Johannesburg, 31 August 2017 – The 1.5% annual decrease in the Producer Price Index (PPI) for intermediate manufactured goods in July 2017 does not augur well for producers in an economy stuck in low growth and generally rising input costs, Steel and Engineering Industries Federation of Southern Africa (SEIFSA) Economist Marique Kruger said today.
This reflects a fifth consecutive year-on-year decrease, which is indicative of prolonged subdued domestic demand. From June 2017 to July 2017, the PPI for intermediate manufactured goods decreased by 0.9%.
Ms Kruger said the 1.5% decrease in the PPI for intermediate manufactured goods left no leeway for manufacturers to pass cost increases onto the market.

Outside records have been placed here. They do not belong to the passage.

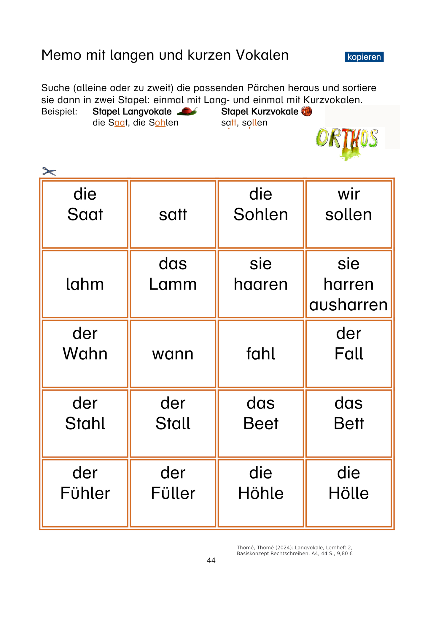 "Hilfreich ist hier das Heft `Langvokale´ aus dem isb Verlag, in dem diese Besonderheiten richtig schön und systematisch behandelt und Übungsmöglichkeiten angeboten werden." (der Lesekoch, unter https://der-lesekoch.de/?mailpoet_router&endpoint=view_in_browser&action=view&data=WzI1LCJmZmM4YjUzN2RiOTYiLDksImRhZDA4ZiIsMTgsMF0 )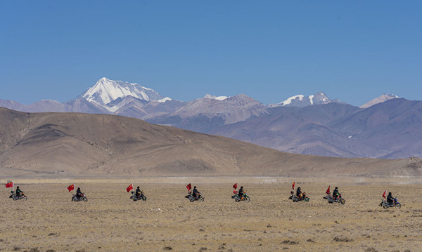 和高原的許多牧民一樣,石覺塔布是個(gè)“騎士”。從前,他騎馬放牧;現(xiàn)在,他騎摩托車守邊。作為昌果邊境派出所摩托車巡邏隊(duì)的隊(duì)長,這天,他要帶隊(duì)進(jìn)行邊境巡防訓(xùn)練。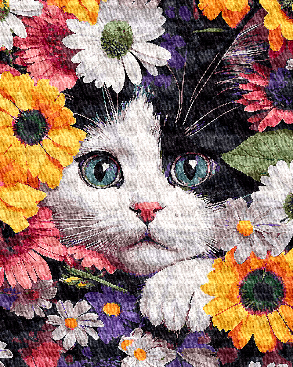 Set pictura pe numere cu sasiu, Pisica si flori, 40x50cm. Pachetul contine: panza din bumbac intinsa pe sasiu din lemn, set de culori acrilice clasice, pensule de diferite marimi si accesorii pentru a crea un tablou spectaculos. Da start creativitatii!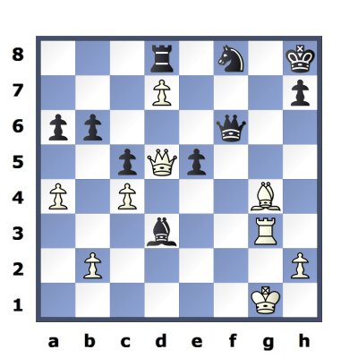 But Black's checking manoeuvre has uncovered an attack by his Rook on the Black Queen, which is captured the next move.

“On an annual basis, SEIFSA’s composite input cost index, which tracks the average costs structure for the metals and engineering (M&E) sector, recorded a -1% decrease in July 2017, largely due to a stronger rand which has helped mitigate costs. Although the index depicts a decreasing input costs scenario, the rate of decrease was better than the annual figure previously recorded (-4.1) in June 2017, despite the weak economy and additional costs incurred from the conclusion of a new wage deal by the metals and engineering sector,” she said.
“Even though currently the differential between the selling price and input cost remains positive, the gap is decreasing as the volatile rand and structural rigidities prevent local companies from benefiting from low international commodity prices,” she added.

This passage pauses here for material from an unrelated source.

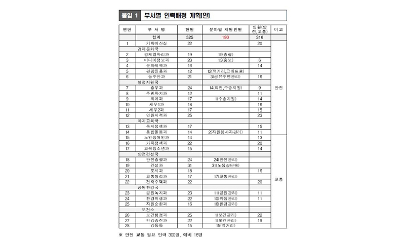북구청이 수립한 행정지원계획에는 본청과 북구보건소, 행사지역 행정복지센터 직원 525명 가운데 316명을 축제현장 안전·교통 분야 지원인력으로 배정한다는 내용이 담겼다.

Despite South Africa’s junk credit status, the rand has been stronger against most currencies over the past two months compared with a year ago, she said. Ms Kruger said the exchange rate effect on prices appears to be diminishing and that this would be beneficial for inflation, input costs and margins of companies in the sector.
Ms Kruger said she expected a positive trade balance for July 2017 on the back of a good month in June 2017.
“A positive trade balance augurs well for exports and generally provides clues on the health of the manufacturing sector. This, together with the anticipated increase in domestic demand from the current expansionary monetary policy stance, provides hope for a reversal in the fortunes of the M&E sector in particular.
“We are hopeful that the next release of the PPI for intermediate manufactured goods will be more encouraging, since the lag effects of increased domestic demand starts filtering through. We will continually monitor the trend,” Ms Kruger concluded.